Nobody has asked me what suggestions I might have for two of the most vexing problems of the time, but in a moment of clarity at 3:00 AM this morning I received these messages and am now compelled to report them to you, dear reader.
Obama may regard them as "fat cat bankers", but you won’t hear those words pass my lips. Having said that, there is something slightly obscene about the enormity of the bonuses being doled out by our country’s investment banks. $20 Billion for the top guys at Goldman Sachs? A federal pay czar establishing salary levels? One look at the salary discrepancy between the average federal employee and Joe the plumber in Alabama should be enough to tell us that this model can’t be good in the long term. Fox guarding the hen house, etc.

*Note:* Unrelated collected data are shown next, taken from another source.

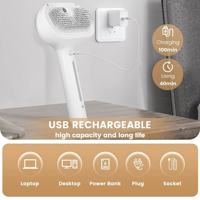 - 【Rechargeable Steam Cat Brush for Furry Pet】: No more hassle with batteries! With a USB-C rechargeable design, our grooming tool is eco-friendly and always ready for action. Keep your pet looking their best without constantly replacing batteries. USB C Cable Included!
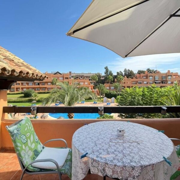 This beautifully maintained 2-bedroom, 2-bathroom penthouse called is ideally located just 900 metres from the beach and boasts an impressive 80 m² private rooftop terrace with pool views and partial sea views. Set within a secure gated community in Casares on the Costa del Sol, residents enjoy access to a communal swimming pool, immaculately landscaped gardens, private parking and a storage room. The property is sold partly furnished and is perfectly positioned near two renowned golf courses, making it especially attractive to golf lovers. With rental use permitted, this penthouse represents an excellent opportunity as a holiday retreat and a high-yield investment offering immediate rental potential.
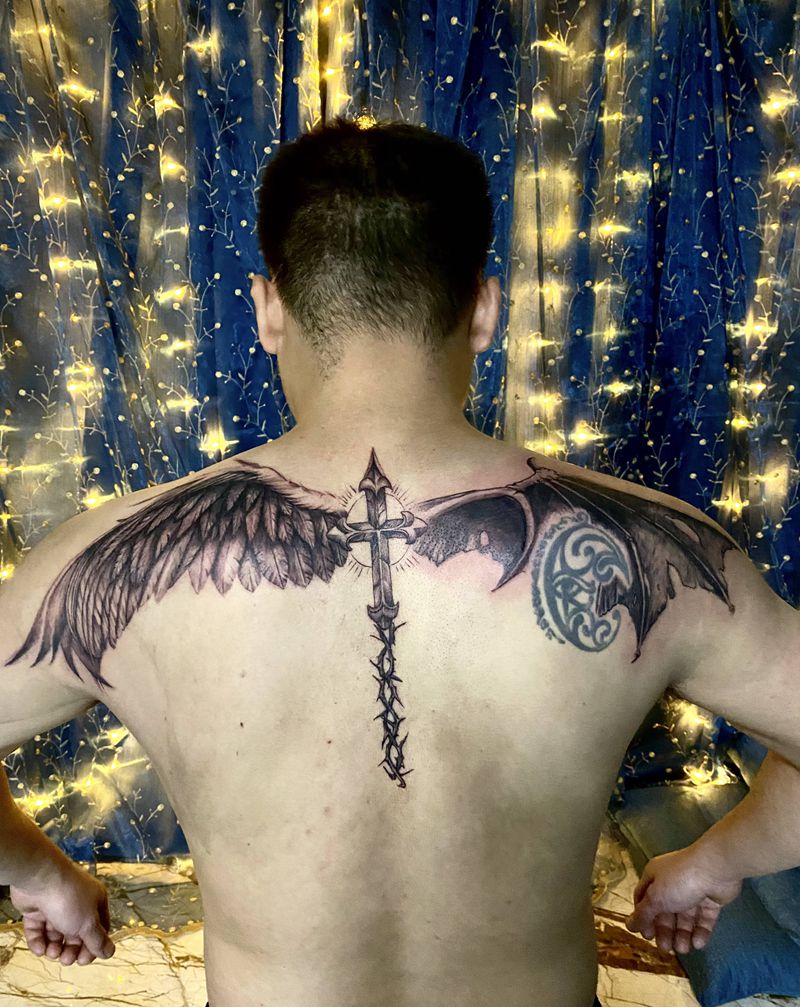 当前位置: 首页 >广东省江门市纹身店-匠奉刺青纹身图案>天使恶魔之翼纹身图片_背部欧美写实纹身图案
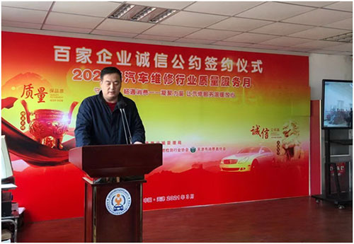天津市汽車維修檢測行業協會會長、黨支部書記宣讀了《汽車維修質量服務月倡議書》,從依法經營、遵章守紀、誠信為本、貨真價實、安全生產、熱情待客、尊重客戶、溫暖服務、接受監督等11個方面向全行業發出倡議。
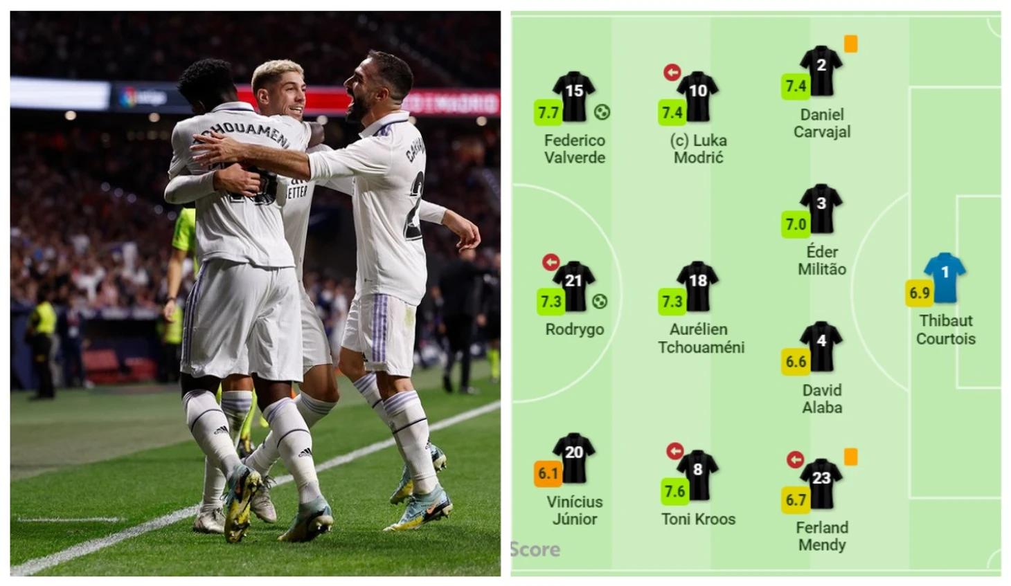 «Мадрид» практически решил исход мадридского дерби уже в первом тайме − сперва гол в ворота Яна Облака забил после красивого заброса Орельена Тчуамени Родриго, а второй мяч на счету у Федерико Вальверде, который лучше остальных отреагировал на отскочивший от штанги мяч и переправил его в ворота.

Military leadership in combat, and Infantry officers in particular, should provide the guiding principle on the bonus conundrum. Their operating principle is that they don’t eat until all the troops have been fed. Ergo, the "fat cat bankers" don’t get their bonuses until all of their employees get a bonus. And the bonus should be the same percentage for all pay levels. At most places I visited during my working life, the typical bonus on the warehouse floor was 1 week’s pay, and in really good years might have been a bump in their profit sharing plan percentage. If it’s good enough for the shop floor, shouldn’t it suffice for the executive suite? If they want to spread the $20 Billion around, spread it evenly. It’s called leadership.
Ahh, health insurance. What a goat rope. No legislative solution will ever be better than common sense, and that unfortunately is why our political leaders in Washington cannot craft any legislation that will improve our predicament. But the same principles suggested in the bonus solution inform.

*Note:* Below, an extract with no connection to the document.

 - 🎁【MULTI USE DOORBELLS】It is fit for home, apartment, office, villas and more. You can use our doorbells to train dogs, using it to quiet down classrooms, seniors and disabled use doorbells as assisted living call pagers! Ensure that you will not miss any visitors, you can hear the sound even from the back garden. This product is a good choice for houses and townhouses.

For example: Assume that Goldman Sachs, or any Fortune 500 company, or a state agency, or the insurance agency on the corner all have a health plan for all of their employees. Rates for employees are based on marital status; single, married, family. Doesn’t matter how old you are, how many children you have, or how much your employer pays you…the rates are standardized based on family size. Typically, your employer pays a percentage of the actual premium, and you pay the balance.
The problem lies in the amount that different employees pay out of pocket. Most plans that I’m familiar with have an individual deductible, a family deductible, an 80/20 split of medical expenses up to some value, and co-pays for ancillary coverages like prescription drugs, office visits, etc. The receiving manager in the warehouse and the CEO have the same plan. But the receiving manager makes $24,000 annually, while the CEO makes $240,000, has a car allowance, a company credit card for entertainment, and other related perqs.

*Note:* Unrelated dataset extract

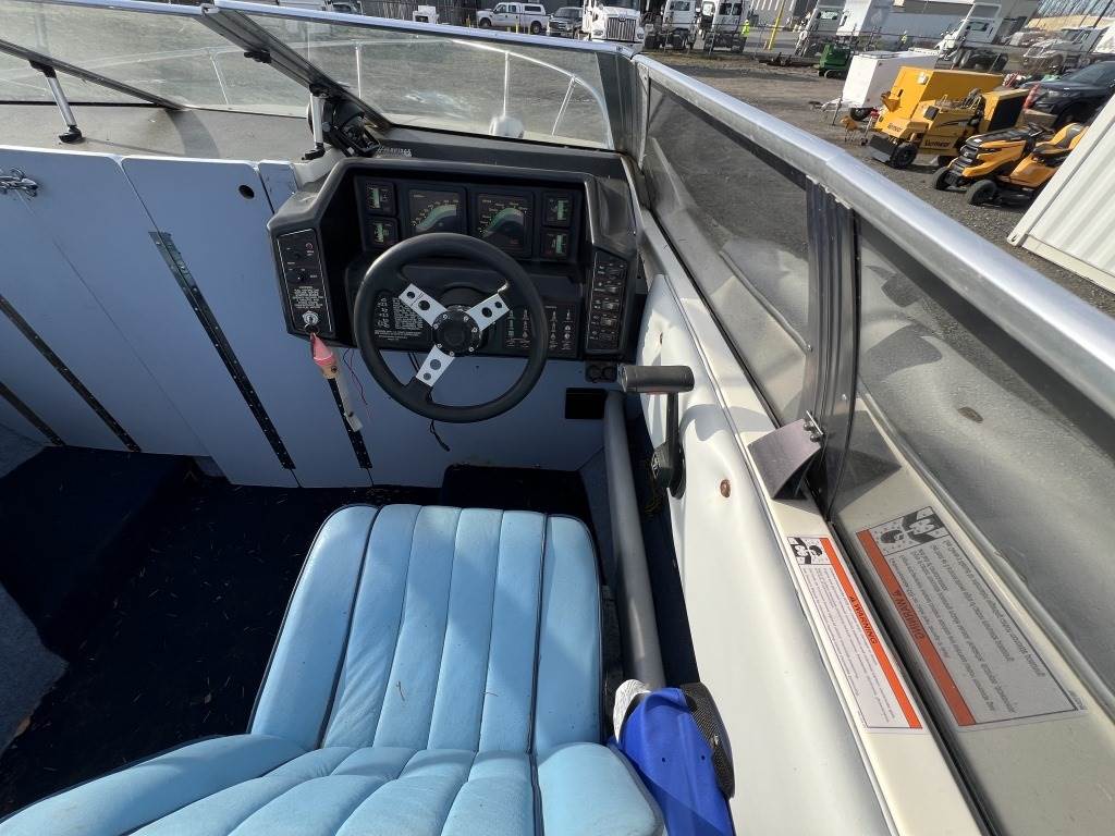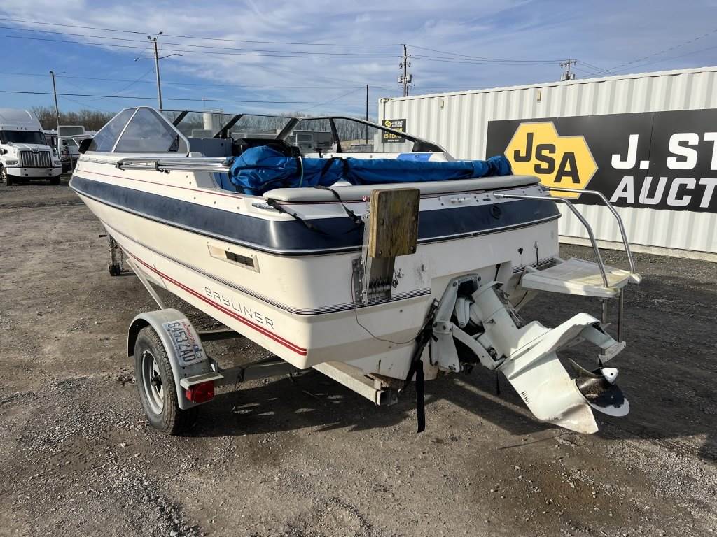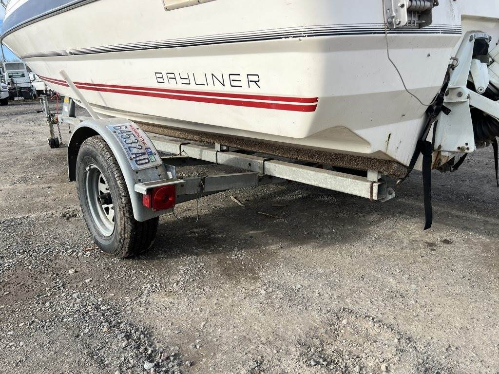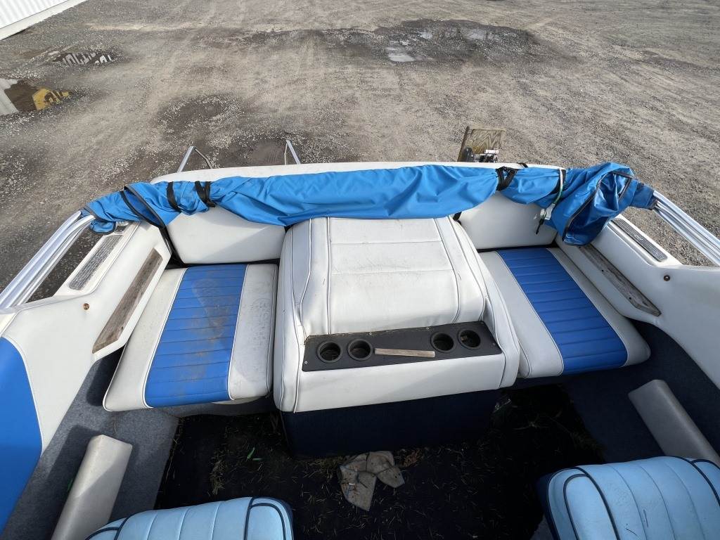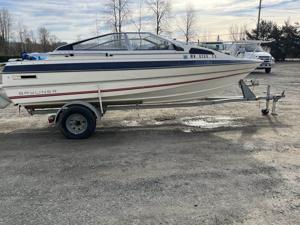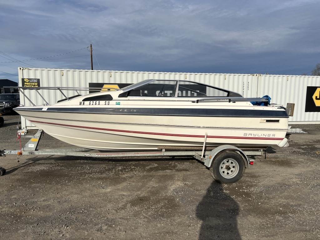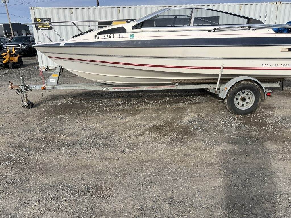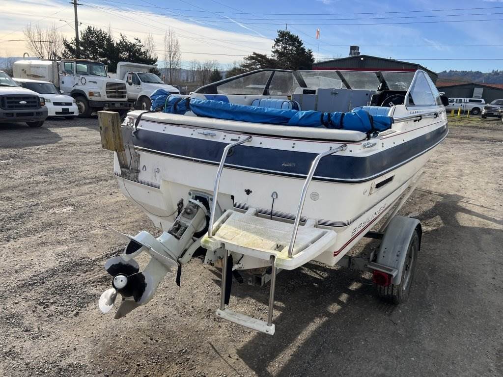 Location: Washougal WA ***End-User Consignment*** VIN: BL3B80CKH586 Engine: Volvo Penta 2.1L 3cyl Gas Bow rail, windshield, boat cover, outboard swim platform, outboard propeller, cuddy cabin, AM/FM/Bluetooth, 6 person/900lb capacity. Includes Calkins Escort S/A boat trailer, VIN: 1CXSP1910GS625683, 2" Ball hitch, ST215/75R14 tires.

It occurs that the CEO, and maybe the CFO, the CIO, and other top executives could afford to bear a slightly heavier burden than the receiving manager. Why can’t health plans have a means test wherein employee expenses are scaled according to annual compensation? Why should an employee making 10 times more than another employee have the same out of pocket medical expenses? Sounds like a another leadership issue.
There….that didn’t take 2,000 pages plus amendments plus millions of dollars spent by lobbyists. And it sure does make sense, at least to me.